Here I predict the election result for 2021 using a model trained on data not inlcuding 2021 and compare it to the actual value: 

In [515]:
import pandas as pd
import numpy as np
import statsmodels.api as sm

# 1) Build X, y (need G, P, R, I, DUR to form interactions)
X = NYC[['G', 'P', 'R', 'I', 'DUR']].astype(float)
y = NYC['democratic_pct'].astype(float)

# 2) Create interaction terms
X['G_I'] = X['G'] * X['I']
X['P_I'] = X['P'] * X['I']
X['R_I'] = X['R'] * X['I']

# 3) Keep intended predictors
X = X[['G', 'P', 'G_I', 'P_I', 'I', 'DUR', 'R_I']]

# 4) Combine X and y, remove NA and ±inf rows
df = pd.concat([X, y], axis=1)
df = df.replace([np.inf, -np.inf], np.nan).dropna()

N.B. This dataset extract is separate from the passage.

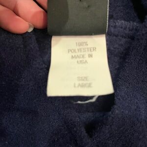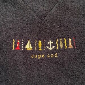 Navy Blue fleece “Cape Cod” V-neck hooded pullover sweatshirt. GUC!
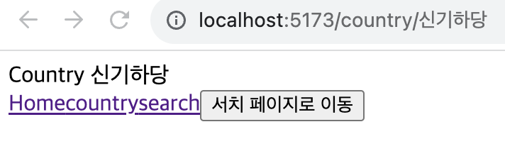 country를 누르면 /country로 이동하고, search를 누르면 /search로 이동하는 것을 확인할 수 있다.

# 5) Train/test split: all but last row for training
train = df.iloc[:-1]
test  = df.iloc[[-1]]          # keep as DataFrame

X_train = train[['G', 'P', 'G_I', 'P_I', 'I']]
y_train = train['democratic_pct']

X_test  = test[['G', 'P', 'G_I', 'P_I', 'I']]
y_test_actual = test['democratic_pct'].iloc[0]

# 6) Add constant
X_train = sm.add_constant(X_train, has_constant='add')
X_test  = sm.add_constant(X_test, has_constant='add')

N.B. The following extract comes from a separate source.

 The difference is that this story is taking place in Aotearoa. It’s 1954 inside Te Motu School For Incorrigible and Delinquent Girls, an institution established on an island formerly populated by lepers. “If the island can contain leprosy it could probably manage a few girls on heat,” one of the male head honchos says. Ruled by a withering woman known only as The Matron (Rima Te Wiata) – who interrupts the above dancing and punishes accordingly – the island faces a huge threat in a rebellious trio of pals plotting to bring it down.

# 7) Fit model on training data only (HAC standard errors)
nyc_reg = sm.OLS(y_train, X_train).fit(cov_type='HAC', cov_kwds={'maxlags': 1})
print(nyc_reg.summary())

# 8) Predict last observation
y_pred_last = nyc_reg.predict(X_test)

print("\nActual last democratic_pct:", y_test_actual)
print("Predicted last democratic_pct:", float(y_pred_last))

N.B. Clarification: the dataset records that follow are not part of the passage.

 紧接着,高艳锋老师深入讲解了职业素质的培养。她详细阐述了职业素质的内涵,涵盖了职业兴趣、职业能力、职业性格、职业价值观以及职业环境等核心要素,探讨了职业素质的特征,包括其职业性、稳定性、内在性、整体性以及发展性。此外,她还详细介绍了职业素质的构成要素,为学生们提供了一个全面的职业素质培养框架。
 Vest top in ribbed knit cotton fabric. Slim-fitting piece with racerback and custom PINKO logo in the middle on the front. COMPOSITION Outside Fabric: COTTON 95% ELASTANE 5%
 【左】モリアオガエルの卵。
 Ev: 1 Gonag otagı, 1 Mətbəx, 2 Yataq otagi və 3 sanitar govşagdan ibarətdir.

                            OLS Regression Results                            
Dep. Variable:         democratic_pct   R-squared:                       0.617
Model:                            OLS   Adj. R-squared:                  0.298
Method:                 Least Squares   F-statistic:                     8.239
Date:                Sun, 23 Nov 2025   Prob (F-statistic):             0.0116
Time:                        17:44:49   Log-Likelihood:                -43.077
No. Observations:                  12   AIC:                             98.15
Df Residuals:                       6   BIC:                             101.1
Df Model:                           5                                         
Covariance Type:                  HAC                                         
                 coef    std err          z      P>|z|      [0.025      0.975]
------------------------------------------------------------------------------
const         69.3172     12.364      5.606      0.0

  res = hypotest_fun_out(*samples, **kwds)
  print("Predicted last democratic_pct:", float(y_pred_last))


Here I employ Leave One Out Cross Validation to assess the predictive power of my models:

In [540]:
from sklearn.model_selection import LeaveOneOut
from sklearn.linear_model import LinearRegression
from sklearn.metrics import mean_squared_error
import numpy as np

# 1) Build X, y (need G and I to form G×I)
X = NYC[['G', 'P', 'I']].astype(float).dropna()
y = NYC['democratic_pct'].astype(float).dropna()
# 2) Create interaction term G × I
X['G_I'] = X['G'] * X['I']
X['P_I'] = X['P'] * X['I']

# 3) Keep only the interaction term in the regression
X = X[['G_I', 'P_I']]

loo = LeaveOneOut()
preds = []
truth = []

for train_idx, test_idx in loo.split(X):
    X_train, X_test = X.iloc[train_idx], X.iloc[test_idx]
    y_train, y_test = y.iloc[train_idx], y.iloc[test_idx]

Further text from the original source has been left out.